A media tarde volvió el oficial. Con cierta confusión, como si tuviera que reprochárselo en alguna medida, le dijo al prisionero acostado:
– Me parece que no lo ha entendido. Como le expliqué…
Petkanov se incorporó de un salto, puso sus cortas piernas sobre el crujiente suelo de madera y recorrió los pocos metros que le separaban del oficial. Se plantó muy cerca de él y le clavó el índice con fuerza sobre el uniforme gris verdoso, justo debajo de la clavícula izquierda. Repitió el gesto otra vez. El oficial dio un paso hacia atrás, no tanto por la amenaza de aquel dedo que le asaltaba como por verse por primera vez tan cerca de un rostro que había dominado toda su vida anterior, un rostro que ahora se erguía amenazador ante él.
– Coronel -empezó el anterior presidente-, no tengo la más mínima intención de utilizar mi jabón en polvo. Ni emplearé mi aceite ni mi harina. Imagino que se habrá dado cuenta de que no soy uno de esos desgraciados que viven en los bloques de apartamentos más allá de los bulevares. La gente a la que ha decidido servir ahora puede haber jodido la economía hasta el extremo de que todos tengan que vivir hoy día con esos… confetis. Pero cuando usted me servía a mí -y subrayó el pronombre con otro fuerte puntazo-, cuando usted me era leal, y leal a la República Socialista Popular, recordará que había comida en las tiendas. Y a veces había colas, sí, pero no esta mierda. Así que váyase y en adelante tráigame raciones socialistas. Y puede decirle al fiscal general Solinsky, en primer lugar, que se vaya a tomar por el culo, y luego que, si quiere tenerme a régimen de jabón en polvo durante el resto de la semana, él, personalmente, será responsable de las consecuencias.

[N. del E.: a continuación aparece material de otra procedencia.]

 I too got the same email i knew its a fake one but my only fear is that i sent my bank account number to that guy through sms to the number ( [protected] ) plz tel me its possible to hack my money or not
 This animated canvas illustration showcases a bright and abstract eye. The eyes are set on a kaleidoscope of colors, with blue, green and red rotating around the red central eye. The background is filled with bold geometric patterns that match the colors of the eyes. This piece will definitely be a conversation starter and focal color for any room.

El oficial se retiró. En adelante las comidas le llegaron con toda normalidad a Stoyo Petkanov. Le sirvieron yogur siempre que lo pidió. Y en dos ocasiones había comido salchichas. El ex presidente bromeaba con sus guardias a propósito del jabón en polvo, y cada vez que le traían la comida se decía a sí mismo que las cosas no estaban irremediablemente perdidas, y que aquella gente corría un riesgo al subestimarlo.

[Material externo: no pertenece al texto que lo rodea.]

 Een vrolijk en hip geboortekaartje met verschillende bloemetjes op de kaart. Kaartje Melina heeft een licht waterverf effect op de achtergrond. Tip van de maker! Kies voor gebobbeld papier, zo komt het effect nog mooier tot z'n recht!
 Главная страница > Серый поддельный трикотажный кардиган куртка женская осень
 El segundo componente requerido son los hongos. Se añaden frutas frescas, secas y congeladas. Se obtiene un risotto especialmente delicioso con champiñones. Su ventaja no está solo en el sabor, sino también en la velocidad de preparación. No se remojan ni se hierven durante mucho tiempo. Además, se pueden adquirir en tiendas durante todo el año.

Les había obligado también a traerle su geranio silvestre. Cuando le arrestaron ilegalmente, los soldados no le permitieron llevárselo. Pero todo el mundo sabía que Stoyo Petkanov, fiel al suelo de su nación, dormía con un geranio silvestre debajo de la cama. Era vox populi. Así que, al cabo de uno o dos días, capitularon. Había podado la planta con sus tijeras de uñas para que cupiera en el espacio entre el suelo y la cama, que era muy baja, y desde entonces había dormido mejor.